Julian Knight: The road to housing hell is littered with good intentions

I am a techno clot but still love digital cameras. You can take snaps anywhere you like and then it's a cinch (even for me) to download them on to a laptop, blow them up and email them to all and sundry.

Last week, an enterprising snapper used one to take a picture of housing minister Caroline Flint's notes as she entered 10 Downing Street for a Cabinet meeting on the worsening UK housing market.

The contents made several front pages but were hardly earth-shattering. House prices could fall by 5 to 10 per cent in the next year, it was revealed, and the Government doesn't know "how bad it will get". Ms Flint's officials must have really burnt the midnight oil thinking those lines up.

It's what our rulers plan to do about this, as outlined in Gordon Brown's proto-Queen's Speech last week, that provides the real food for thought.

In short, the Government wants to help those on lower incomes on to the housing ladder. This is a very worthy objective: there is a whole generation of people who may never be able to afford their own home, and that isn't fair. No matter how much you hear about the advantages of renting and how we should be more like the French or Germans (where whole families are perfectly happy to rent for generations), I, like most Britons, have a gut feeling that it's simply better for the soul to own a place rather than to rent.

The Government's wheeze for getting more people on to the ladder is to loosen the criteria of the shared-ownership schemes run by housing associations. Under these initiatives, people begin by buying a part-share in a house and renting the remainder; over time, they can then expand their stake. The change now is that applicants for shared ownership will no longer have to be, in that buzz phrase of New Labour, "key workers". In other words, they won't have to be in the public sector.

I've always thought it unfair that someone who has chosen a career in the public sector – which enjoys better pensions and job security than the rest of us – should also have a great big leg-up on to the property ladder when some other people, who may be worse off, don't get any help. A levelling of the playing field is welcome.

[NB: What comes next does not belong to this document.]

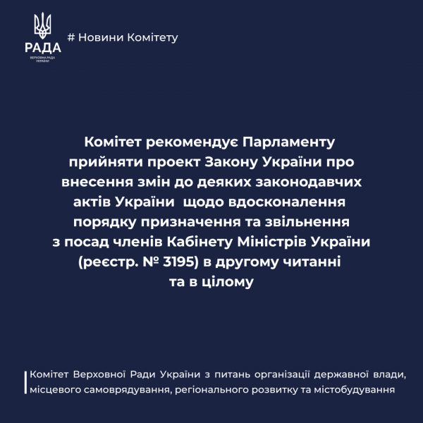 Комітет рекомендує Парламенту прийняти проект Закону України про внесення змін до деяких законодавчих актів України щодо вдосконалення порядку призначення та звільнення з посад членів Кабінету Міністрів України (реєстр. № 3195) в другому читанні та в цілому

But there is a big problem here. This isn't the right time to be propelling people who really can't afford to buy into a housing market which is crumbling by the day. The property in which they purchase a stake could be worth 25 per cent less, or maybe even worse, in a couple of years' time.

Along the same lines, the Government says it wants mortgage companies to ease their lending criteria for first-time buyers, so encouraging more to take the plunge. But just like Ms Flint, lenders don't know how bad the housing market is going to get – and they want borrowers to have a buffer against negative equity. The Government, then, risks throwing lots of people into the fire. It's far better to wait for the market to correct itself, and then to help low-income groups.

Boost for pensions

A more welcome development was the news last Friday that the EU has confirmed the legality of auto-enrolment into workplace pension schemes. For too long now, the inertia of employees has meant they have missed out on pension saving and any employer contributions. When staff are automatically enrolled into their workplace scheme, 90 per cent stay put and make regular contributions. But when workers have to opt in, the take-up rate falls to around 50 per cent.

More auto-enrolment won't solve the retirement savings crisis, but it will ease it.